Wasting The Middle: Obsessing Over Exits

What was the difference between Bear Stearns and Lehman Brothers? Well, for one thing Lehman’s failure wasn’t a singular event. In the heady days of September 2008, authorities working for any number of initialism agencies were busy trying to put out fires seemingly everywhere. Lehman had to compete with an AIG as well as a Wachovia, already preceded by a Fannie and a Freddie.

If Lehman was the personification of everything going wrong, Bear was its precursor where only the one thing seemingly did. In fact, throughout the middle of 2008 policymakers took great solace in what they thought they had achieved; sure, it was bad but only Bear went down, and even then it wasn’t a complete wipeout.

The summer of 2008 for offshore markets took on a very different reality, however. The panic was really two panics, the first finishing up around March 2008 merely the set up for its much more devastating second act (the events in early 2009 could reasonably be considered as the third). Whereas Federal Reserve and government officials took comfort in only the one, Lombard Street took stock.

Bear Stearns wasn’t some subprime peddler, Chairman Bernanke.

But if the opening drama was uncertainty about what was going on, the interlude between March 2008 and that September was deeper thinking about what perhaps waited for everyone in the end if it was to happen again (and to what unappreciated high probability it could). Market participants, it seemed, were willing to cut the official positive narrative some slack, maybe Bear was the worst of it, all the while still concerned that maybe it wasn’t.

It was a very short lease, a feeling public officials never truly understood. If things really did start to meaningfully improve, so be it; if they didn’t, the exits would never be large enough. That’s the point about this space between uncertainty and fear, almost a mini-reflation inside a downturn, everyone in the middle begins to worry about the exits no matter how wonderful that initial sigh of relief might feel.

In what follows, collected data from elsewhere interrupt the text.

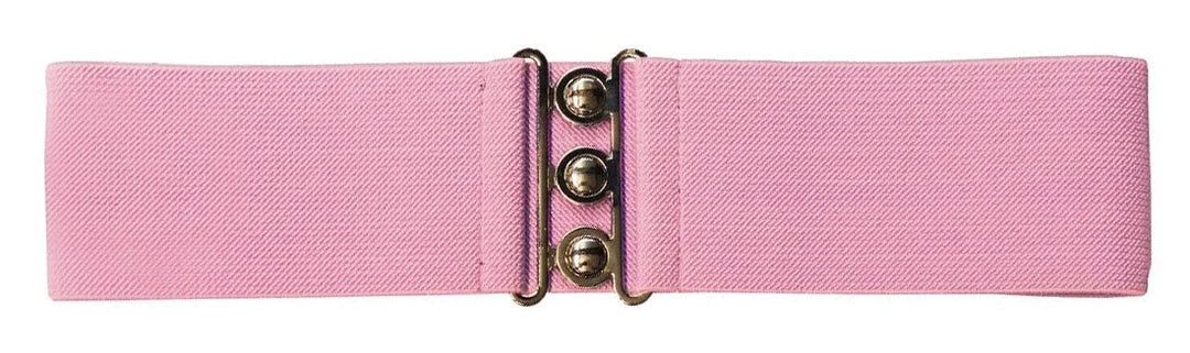 Create instant curves with this retro belt in pink from Hell Bunny! This wide elastic belt fastens closed in the front with a silver colored clasp.
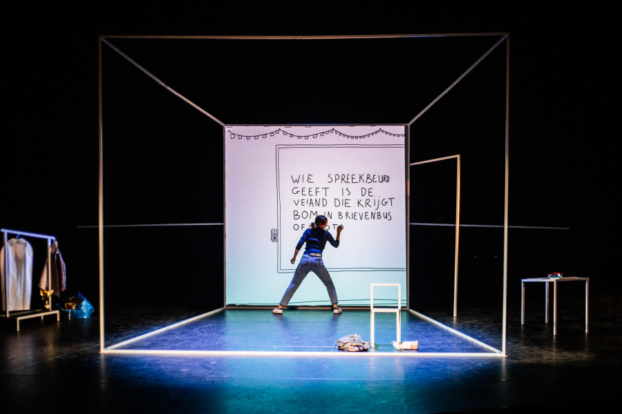 Dounia woont met haar papa en broers in een hoge toren aan de rand van de stad. Ze heeft cool voor twee en plannen voor drie. En vandaag spreekt ze jullie toe. Want ze heeft iets belangrijks te vertellen. Praten doet ze op haar éigen manier. Zoals ze alles doet op háár manier. Klinkt het niet dan botst het maar. Ook goed! Ze is hier om gehoord te worden...
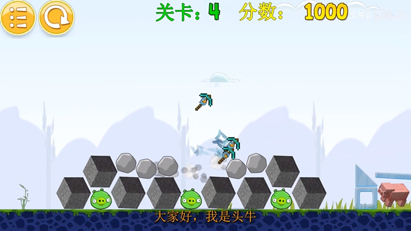 2.通过合理的发射与击中,就可以将关卡中的肥猪进行消灭,并且完成通关。
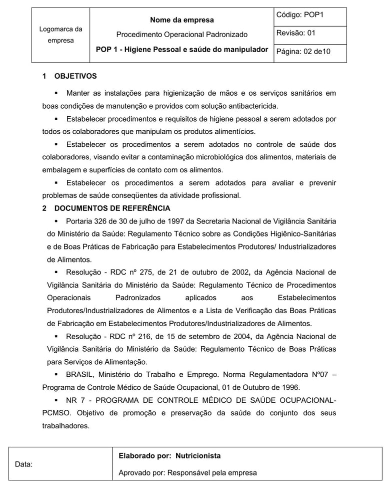 São 60 modelos de POP's - PROCEDIMENTO OPERACIONAL PADRONIZADO
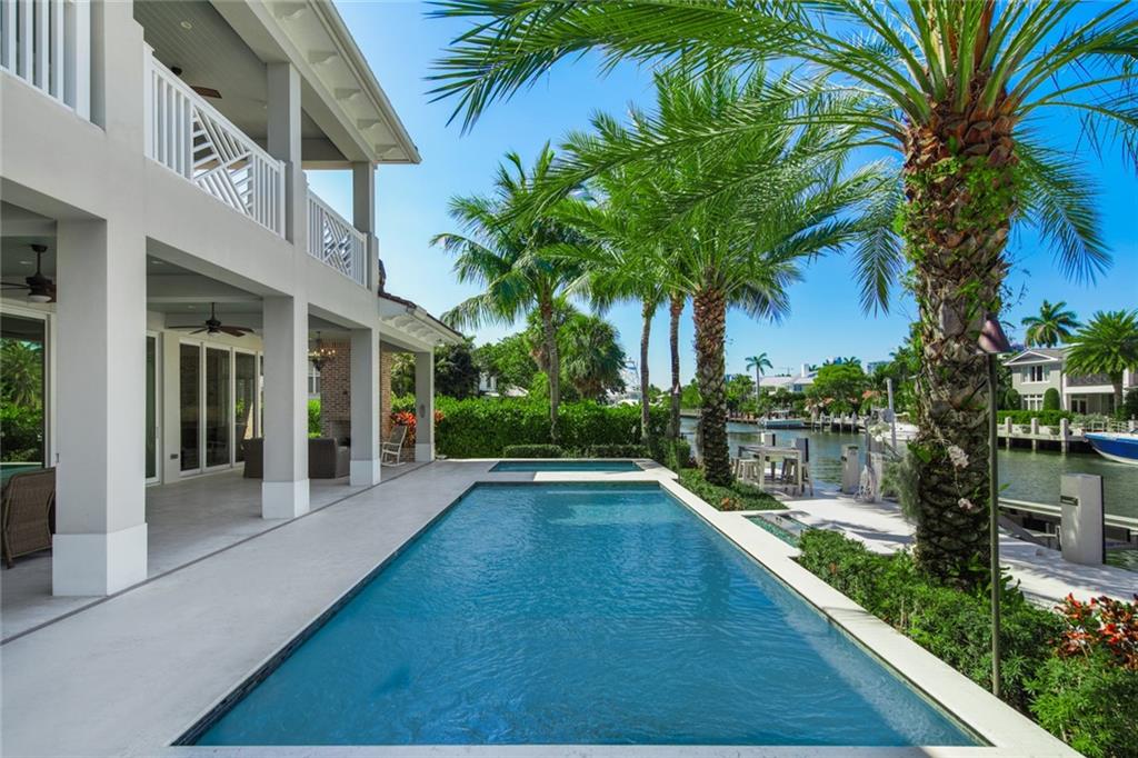 A Rio Vista DREAM HOME. Step into the 2-story, 3-car 2017 British West Indies style home featuring 6 beds, 6.1 baths, oversized primary suite with walk in closets, state of the art interiors of natural woods and meticulous mill works throughout. The perfect home for entertaining all and enjoying family. Stunning bar room and gourmet kitchen between a vast open great room full of sliders to open the entire room, overviewing the pool and waterfront. 100ft of dockage, boat lift and floating dock. The perfect set up that cruises you minutes to the ocean. Enjoy the outdoors underneath the fanned cantilever roof featuring a fireplace, summer kitchen, astroturf landscaping for easy maintenance, and gorgeous exterior lighting that keeps the home glowing at night. Heated pool and house generator.
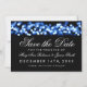 Design élégant de mariage "Save The Date" avec Blue Hollywood Glam Lights, ainsi que des noms personnalisés et le texte de la date. Impressionnez votre famille et vos amis avec ce design élégant et moderne. Entièrement personnalisable ! Facile à utiliser et facile à personnaliser
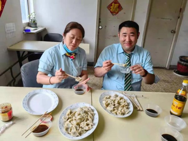 儀式感, 是我們平淡生活增添的色彩。 貼心的郵政人也很注重生活中的儀式感。“吃餃子啦”!隨著一聲吆喝, 一盤盤頭伏的餃子端上了桌, 大家圍坐在一起一口一個的吃了起來。這可不是在飯館里的場景,而是在朝陽郵政公司的投遞部、營業(yè)部和職工小家里,郵政快遞小哥們和郵政員工們頭伏的午餐!
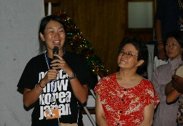 今夜の司会役だった二人。男性はメキシコ人のゴンザロさん、女性は南米滞在歴の長いTさんだった。(写真右)
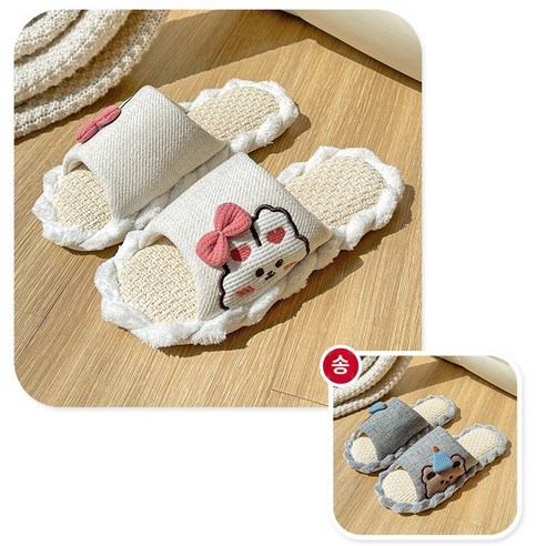 판다슬리퍼 커플 슬리퍼 리넨 코튼 마비 바닥 침묵 미끄럼 방지 홈 실내 봄 가을 새로운 귀여운 슬리퍼 두 쌍, 38/3940/41, A.핑크토끼회색곰

The emotional appeal of the sell button (or collateral call) becomes paramount in the second part in a way it never would be in the first. Everyone might still be able to function with care and consideration, deliberate even when they are worried; fear throws all that out the window. If someone punches you in the face out of nowhere, you might hold on and wait to figure out what it was and why. If they throw a second punch, there is no doubt there is only “fight or flight.”